North America, American

Self-taught, Harry Callahan began taking photographs as a hobby at age twenty-six but went on to become one of the most influential American artists and teachers of the medium. Acknowledged for his innovative contributions to the development of art photography, Callahan spent six decades examining the camera’s formal and expressive possibilities.

Eschewing dramatic subject matter in favor of more banal subjects and scenes, he succeeded in teasing out and uncovering the beauty in the everyday with his lucid, unsentimental vision. Much of Callahan’s photography captured scenes from his personal life and experience. Three themes dominate his art: his wife, Eleanor; urban life and architecture; and the natural landscape. Callahan used Eleanor to represent woman as beloved, mother and symbol of nature. Sensual and adoring but rarely idealizing, his images of her body adhered to Callahan’s belief in the camera’s role as a recorder of fact.

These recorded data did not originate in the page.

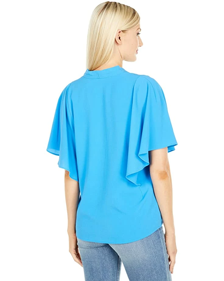 - Short, flutter sleeves.
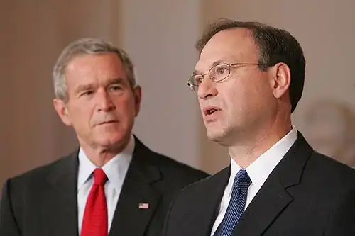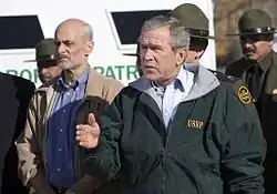 In his 2004 bid for re-election, Bush commanded broad support in the Republican Party and did not encounter a primary challenge. He appointed Ken Mehlman as campaign manager, and Karl Rove devised a political strategy.[84] Bush and the Republican platform emphasized a strong commitment to the wars in Iraq and Afghanistan,[85] support for the USA PATRIOT Act,[86] a renewed shift in policy for constitutional amendments banning abortion and same-sex marriage,[85][87] reforming Social Security to create private investment accounts,[85] creation of an ownership society,[85] and opposing mandatory carbon emissions controls.[88] Bush also called for the implementation of a guest worker program for immigrants,[85] which was criticized by conservatives.[89]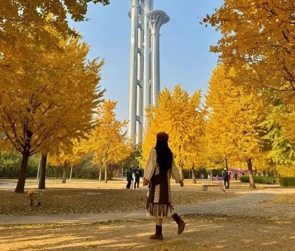 Beijing's golden autumn offers an irresistible romantic scenery, especially the dazzling beauty of ginkgo leaves. This photo captures a young woman joyfully immersing herself in the fresh, crisp autumn air. With a radiant smile, she gracefully poses by a golden ginkgo tree, playfully holding a small leaf over her eye, as if to perfectly preserve this beautiful autumn memory. It's an ideal outdoor activity for photography, connecting with nature, and finding peace. Beijing in autumn is always an attractive destination for those seeking a blend of ancient and modern beauty, and wishing to enjoy truly memorable moments.#BeijingAutumn #GinkgoLeaves #TravelBeijing #AutumnPhotography #AutumnBeauty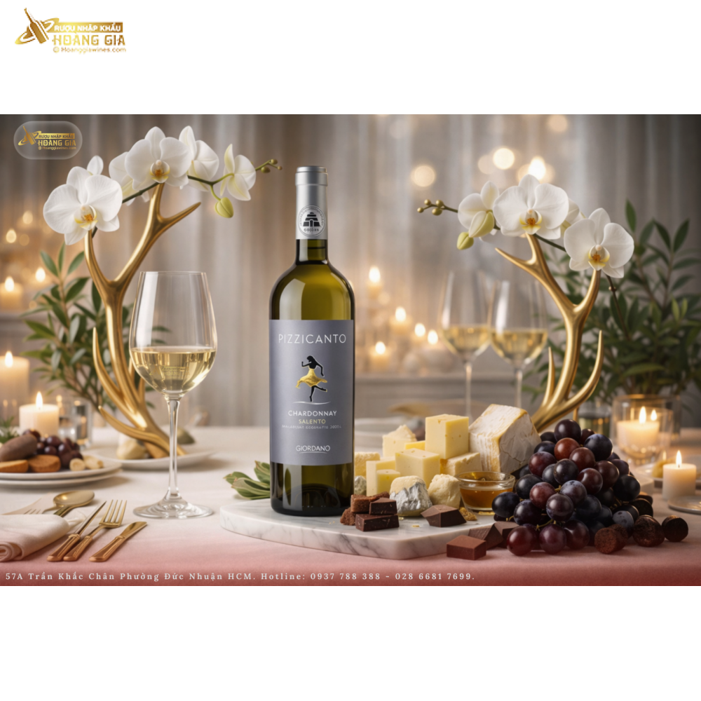 Trong thế giới rượu vang Ý, những chai vang trắng đến từ vùng Salento – miền Nam nước Ý luôn mang một phong cách rất riêng: tươi mát, tinh tế và đầy sức sống. Một trong những chai vang tiêu biểu cho phong cách này chính là Giordano Pizzicanto Chardonnay Salento IGT – dòng vang trắng thanh lịch được sản xuất từ giống nho Chardonnay nổi tiếng.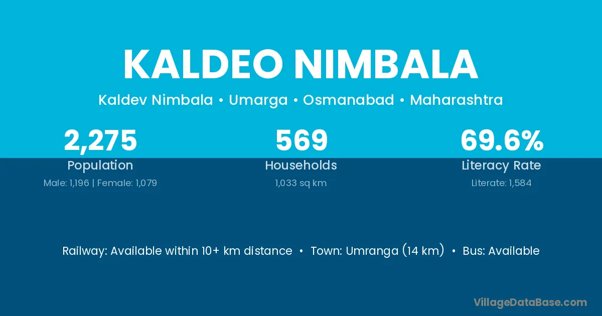 Kaldeo Nimbala village has a total population of 2,275 people, of which 1,196 are males and 1,079 are females.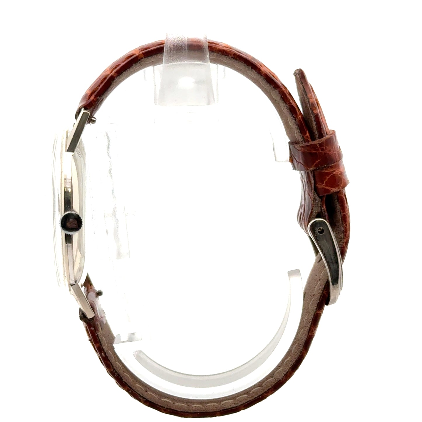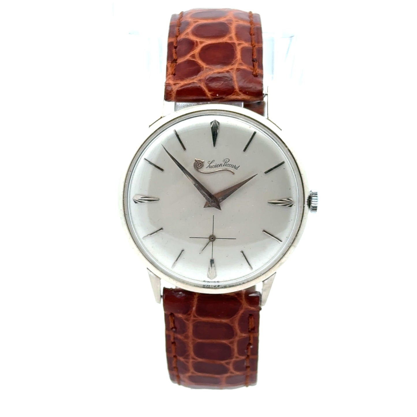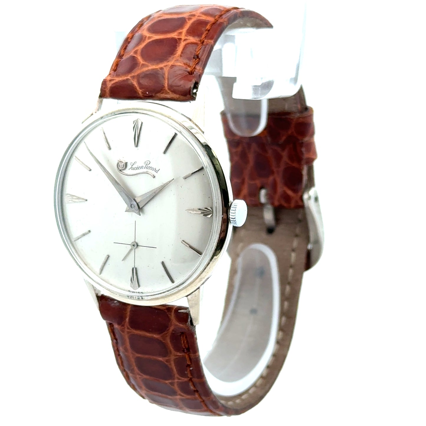 | Lucien Piccard, #167035, 14K White Gold, manual winding, vintage 1950’s, 33mm thin case, brown leather strap “Louisiana Alligator Handmade in Italy” |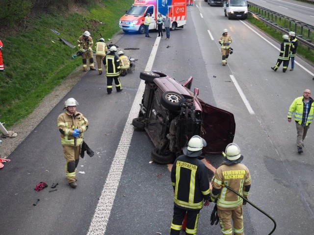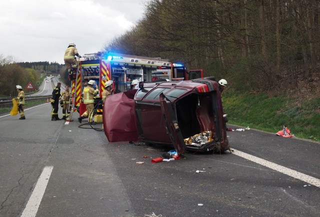 Reichshof - Eine Schrecksekunde auf der BAB 4 erlebten Autofahrer heute, als sich vor ihnen ein mit vier Personen besetztes Fahrzeug überschlug. Aus bislang ungeklärter Ursache war der VW-Golf von der Fahrbahn abgekommen, bevor er nach mehrfachem Überschlag auf dem Dach liegend auf der Fahrbahn landete. Im Fahrzeug wurden alle Insassen verletzt, eine Frau schwebt in Lebensgefahr.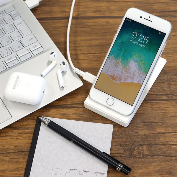 「MOT-QI10W01」はスマートフォンの充電時に当たり前のように行っているケーブルの抜き挿しが不要で、置くだけで充電が出来る製品です。スタンドとしても利用することが出来るので、置いたままの操作も可能。またiPhoneの急速充電7.5Wにも対応していて、ビジネスシーンでスマートフォンを利用される方にも便利で快適な充電ライフを送ることができる製品です。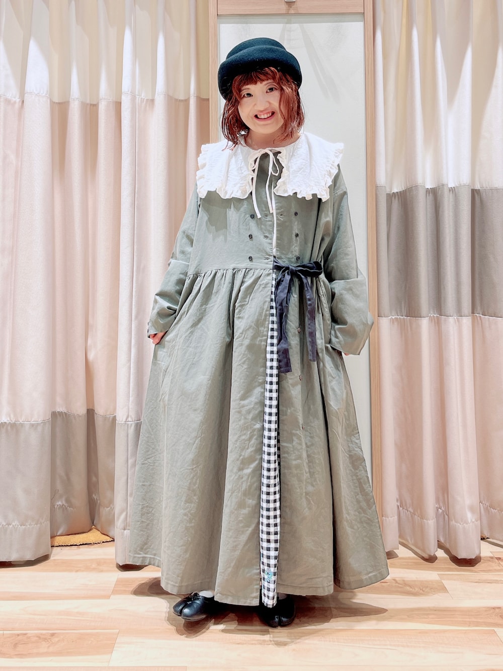 おはようございます☀︎ いつもご覧頂きありがとうございます😊 フリルセーラーカラーブラウスと コートでガーリーコーデ🦙 マカベアリスさんコラボのスカートを チラ見せしてます♫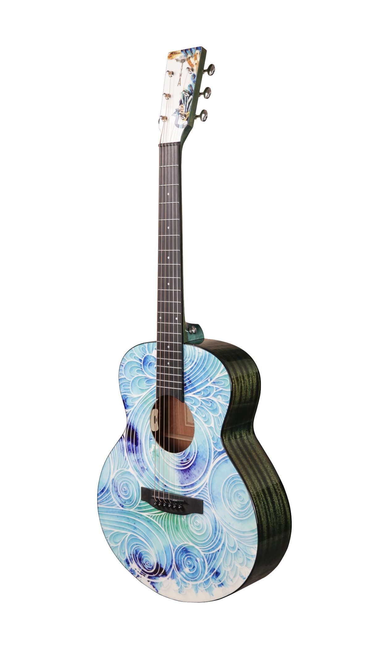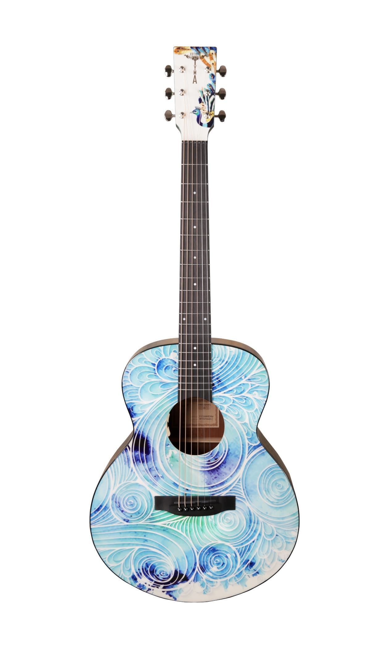 Електроакустична гітара. Форма - міні джамбо. Топ - цільний, ситхінська ялина. Задня дека та боковини - махагон. Гриф - африканський махагон. Брідж та накладка на гриф - штучний ебоні. Фініш - принт з малюнком. Електроніка - TYMA T-50. В комплекті - фірмовий гітарний чохол, ганчірка, ремінь.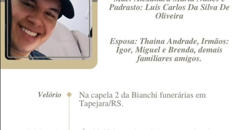 A Bianchi Funerárias juntamente com a família Nunes e Souza, comunica com pesar, o falecimento de Bryan Welligtom Nunes de Souza, ocorrido no dia 04/04/2026 com 20 anos de idade. Seu corpo está sendo velado na Capela 2 da Funerária Bianchi. Celebração às 08:00 horas do dia 04/04/2026 no local do velório e após seu sepultamento no Cemitério Municipal João Rombaldi.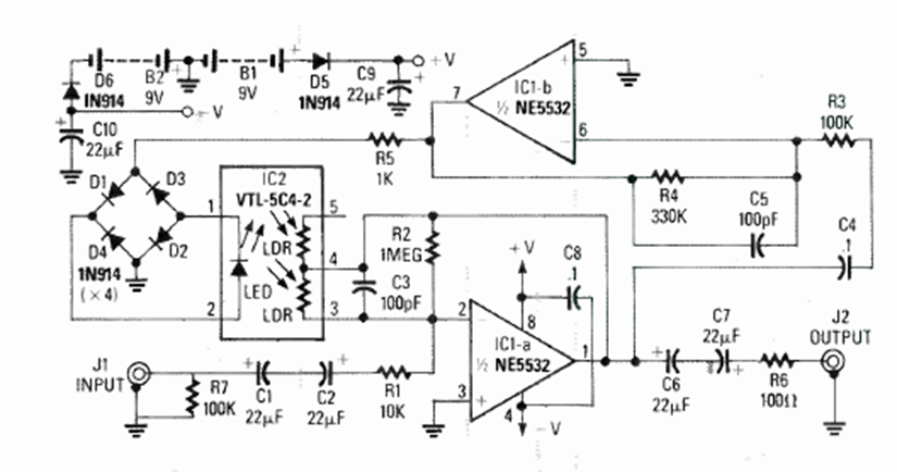 We found this circuit in the Radio Electronics Handbook magazine special edition of 1992. The circuit uses an optocoupler as an electronic potentiometer.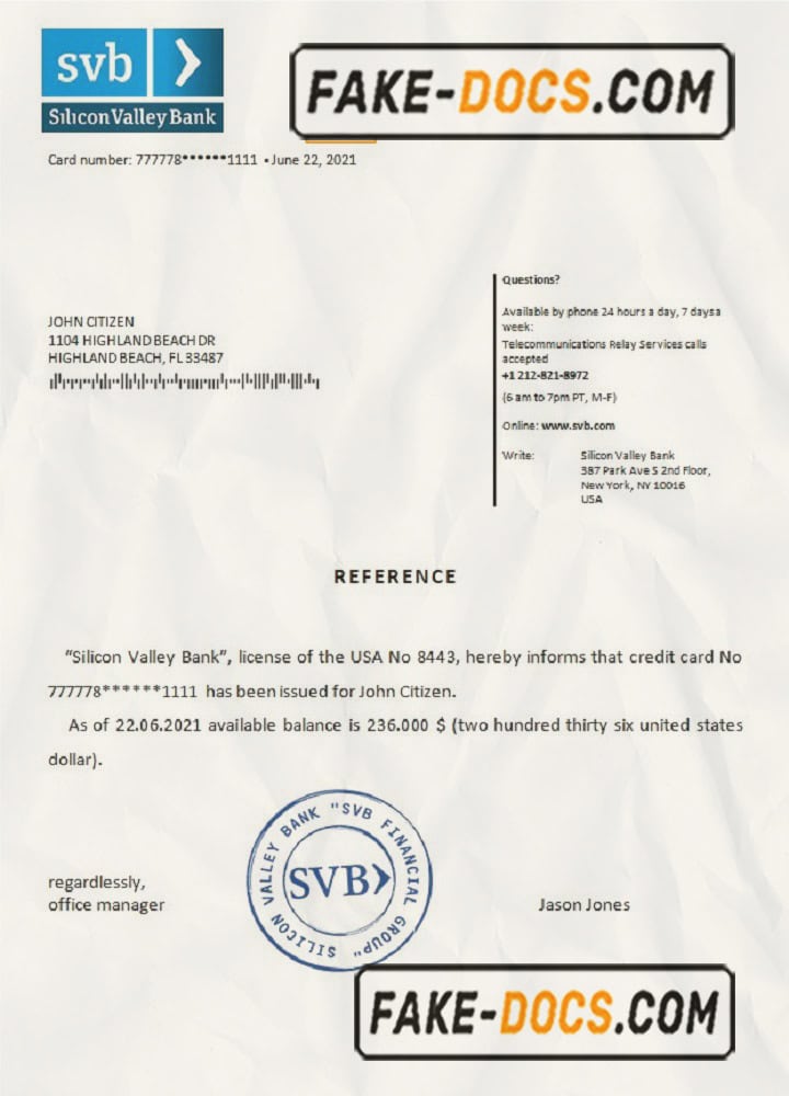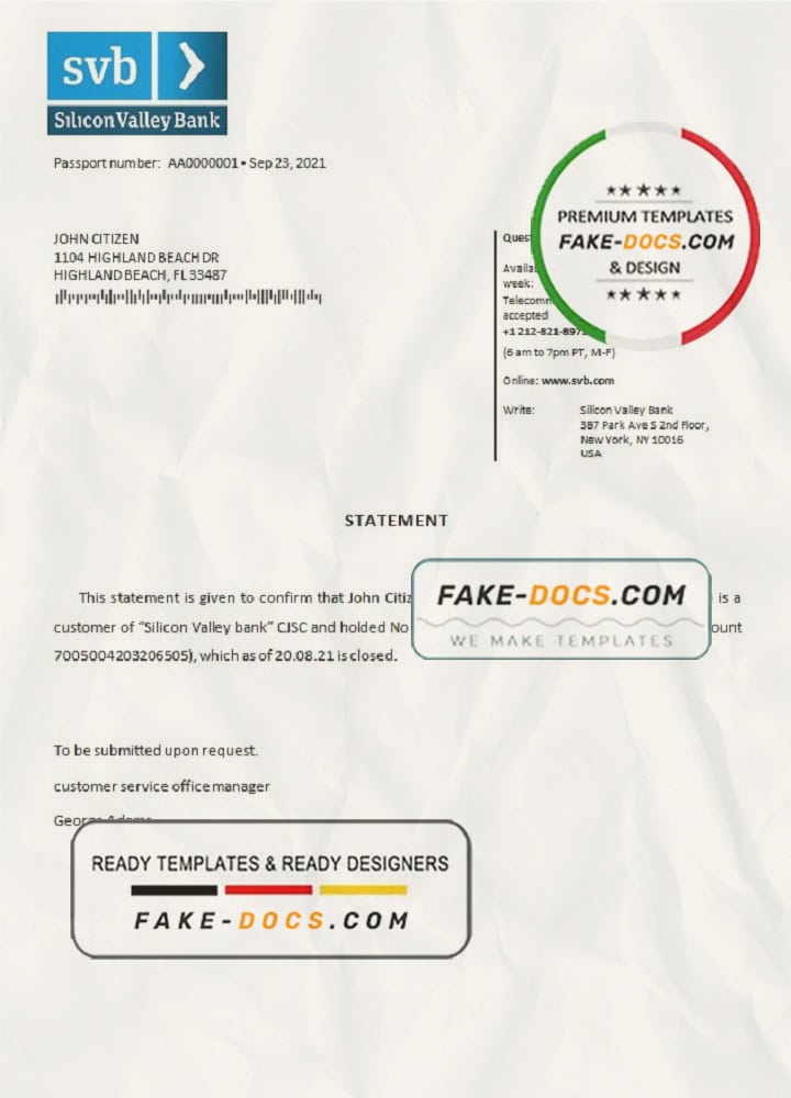 USA Silicon Valley Bank bank account reference letter template in Word and PDF format
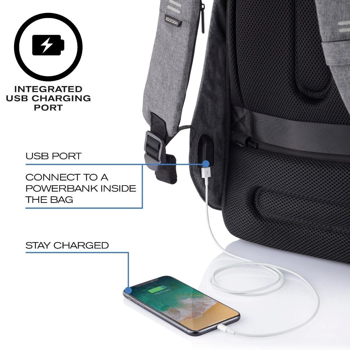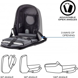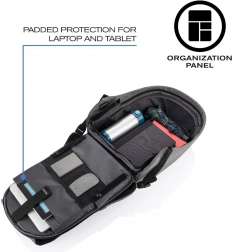 Stylowy i kompaktowy plecak do miasta i podróży z naciskiem na antykradzieżową konstrukcję, ukryte zamki i kieszenie z RFID, odporność na przecięcie oraz wodoodporny materiał. Oferuje wyściełane przegrody na laptop 13,3" i tablet 12,9", przemyślany organizer, zintegrowany port USB oraz elementy odblaskowe dla bezpiecznego i wygodnego poruszania się na co dzień.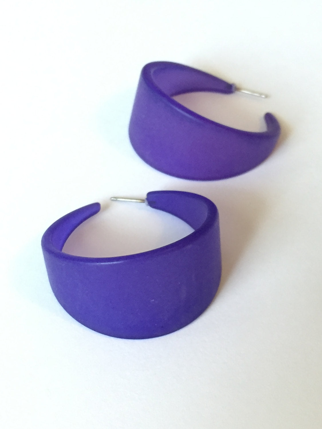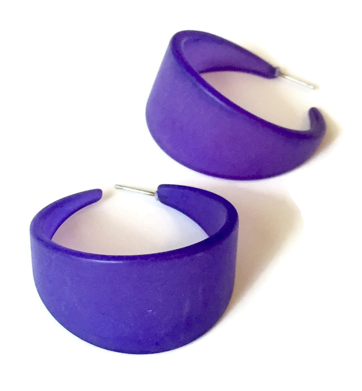 Earrings are made with vintage lucite parts that were made in the US in the 1960's - early 80's. We hand-set them with surgical steel earring posts and they have sturdy surgical steel/acrylic backings on them as well. Light-weight & fun to wear.
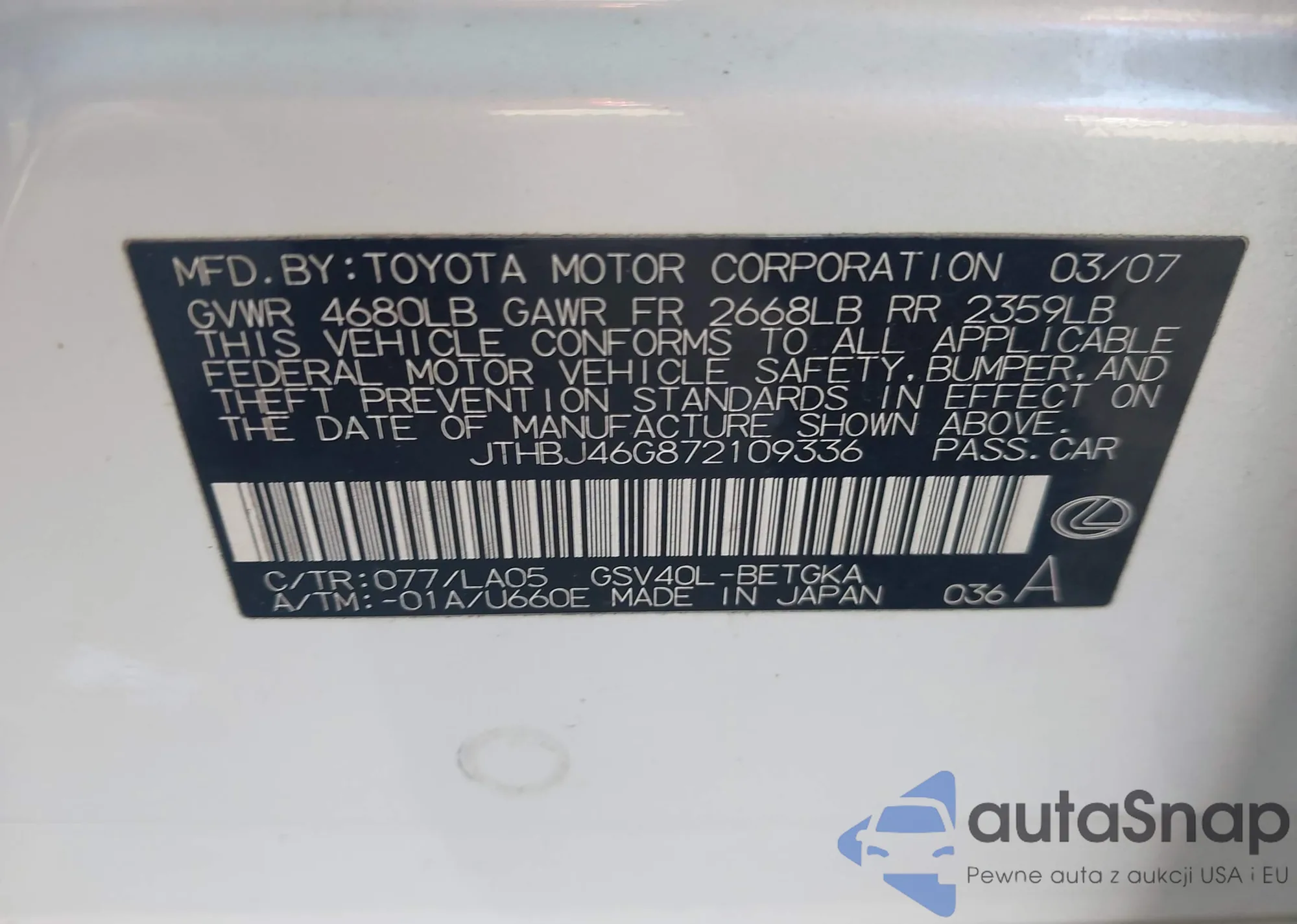 LOT: 44087071 VIN: JTHBJ46G072053098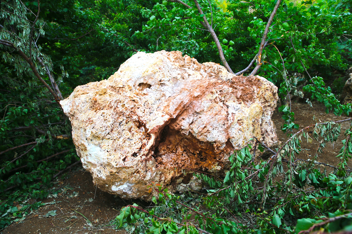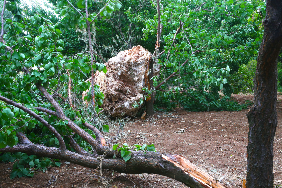 Dursunlu Mahallesi'nde, dağdan kopan kaya parçasının düştüğü Altınöz ailesine ait bahçedeki 2 ağaç zarar gördü.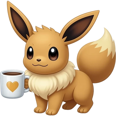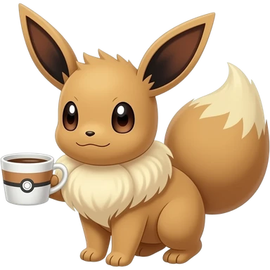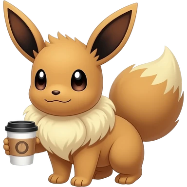 Pokémon Evee holding a coffee emoji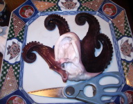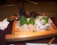| 大皿にこれで四人前のてっさ | 触覚を振って最後のあがき | 残酷で動いている間は 食べれない |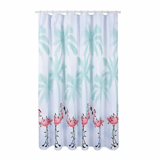 Bring a festive look to your bathroom with this St. Nicholas Square® Coastal Palm Flamingo Shower Curtain.

When shooting urban and natural environments, the artist freely experimented with abstraction and in-camera manipulation, particularly multiple exposures. City life is shown to be crowded and hectic yet isolating. Nature is often seen close up, so that single stalks against a blank background become graphic rather than documentary images. In such works Callahan, like many painters of his time, acknowledges the flatness of the surface on which the image appears.

Harry Callahan left behind 100,000 negatives and over 10,000 proof prints. The Center for Creative Photography at the University of Arizona maintains Callahan’s photographic archives. His work has been exhibited extensively throughout the world and is included in such collections as that of the Metropolitan Museum of Art, NY; the Museum of Modern Art, NY; the San Francisco Museum of Modern Art; and the Centre Pompidou, Paris, among others. Callahan was awarded the Akron Art Museum’s first Knight Purchase Prize for Photographic Media in 1991.